CONCLUSION: Our results indicate that patellofemoral pain and patellofemoral osteoarthritis share similar shape characteristics, which are different from control subjects. These findings support the proposed continuum disease model of patellofemoral pain predisposing to the development of patellofemoral osteoarthritis.Cite this article: J. F. A. Eijkenboom, J. H. Waarsing, E. H. G. Oei, S. M. A. Bierma-Zeinstra, M. van Middelkoop. Is patellofemoral pain a precursor to osteoarthritis? Patellofemoral osteoarthritis and patellofemoral pain patients share aberrant patellar shape compared with healthy controls. Bone Joint Res 2018;7:541-547. DOI: 10.1302/2046-3758.79.BJR-2018-0112.R1.

It has been hypothesized that patellofemoral pain (PFP) may precede degenerative joint changes, which may ultimately lead to patellofemoral osteoarthritis (PFOA).

This study investigates the similarity of patella shape between PFP and PFOA patients using statistical shape modelling compared with healthy control subjects.

Previous research has shown associations between bone shape and PFP and PFOA independently.

Our study shows similarities in patellar shape between PFP and PFOA patients.

The results provide further evidence of the link between PFP and PFOA, and highlights the non-self-limiting nature of PFP.

The data from two different studies were used in our analysis. However, there were differences in both subject demographics and radiology protocols between each study.

Our study group consisted mostly of women, thus limiting the broader interpretation of our results to the population in general.

However, both PFP and PFOA are significantly more prevalent in women, thus our study appears to reflect and be representative of the patient population.

Introduction

Patellofemoral pain (PFP) or anterior knee pain is a very common problem in young adults, particularly in women, characterized by pain behind and around the patella, often without clear aetiology.[1] Recent studies have suggested that PFP might predispose an individual to patellofemoral osteoarthritis (PFOA) later in life.[2,3] Patellofemoral osteoarthritis has not been investigated as frequently as tibiofemoral osteoarthritis (TFOA). However, the PFJ may be the first compartment affected in early knee osteoarthritis, which later affects both the patellofemoral and tibiofemoral compartments.[4-6] Moreover, a stronger association between pain and loss of function is seen in patients with isolated PFOA compared with those with isolated TFOA.[4,7-9] While no evidence of a causal relationship between PFP and PFOA has been shown,[3,10] there are many overlapping disease characteristics that are associated with both PFP and PFOA, including patellar malalignment, quadriceps dysfunction, hip abductor dysfunction, painful crepitus with stair-climbing, and female gender.[3,11-14]

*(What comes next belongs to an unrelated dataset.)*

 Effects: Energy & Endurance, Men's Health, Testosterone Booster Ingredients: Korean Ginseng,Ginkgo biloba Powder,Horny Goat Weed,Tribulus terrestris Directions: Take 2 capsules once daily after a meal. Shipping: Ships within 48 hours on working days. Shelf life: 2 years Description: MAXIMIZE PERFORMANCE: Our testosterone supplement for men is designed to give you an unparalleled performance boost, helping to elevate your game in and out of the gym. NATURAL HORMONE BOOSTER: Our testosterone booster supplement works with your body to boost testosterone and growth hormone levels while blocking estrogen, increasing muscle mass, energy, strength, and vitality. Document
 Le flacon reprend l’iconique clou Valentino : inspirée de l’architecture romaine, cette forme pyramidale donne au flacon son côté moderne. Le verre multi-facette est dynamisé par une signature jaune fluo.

One probable association that likely links PFP and PFOA is biomechanical dysfunction, since both PFP and PFOA are thought to be caused by alterations in patellofemoral joint mechanics.[15,16] Alterations in patellofemoral joint mechanics, such as malalignment, joint laxity, and muscular dysfunction, lead to pain and ultimately joint degeneration.[11,17] These changes may be produced by alterations in the contact area between patella and femur, resulting in increased joint contact stress and subsequent cartilage degeneration.[16,18-21] Thus, joint surface shape might influence contact areas and be associated with PFP and PFOA. The influence of joint shape on knee OA and PFP has been described individually, but similar shape patterns between these conditions have never been compared or investigated.[22-26]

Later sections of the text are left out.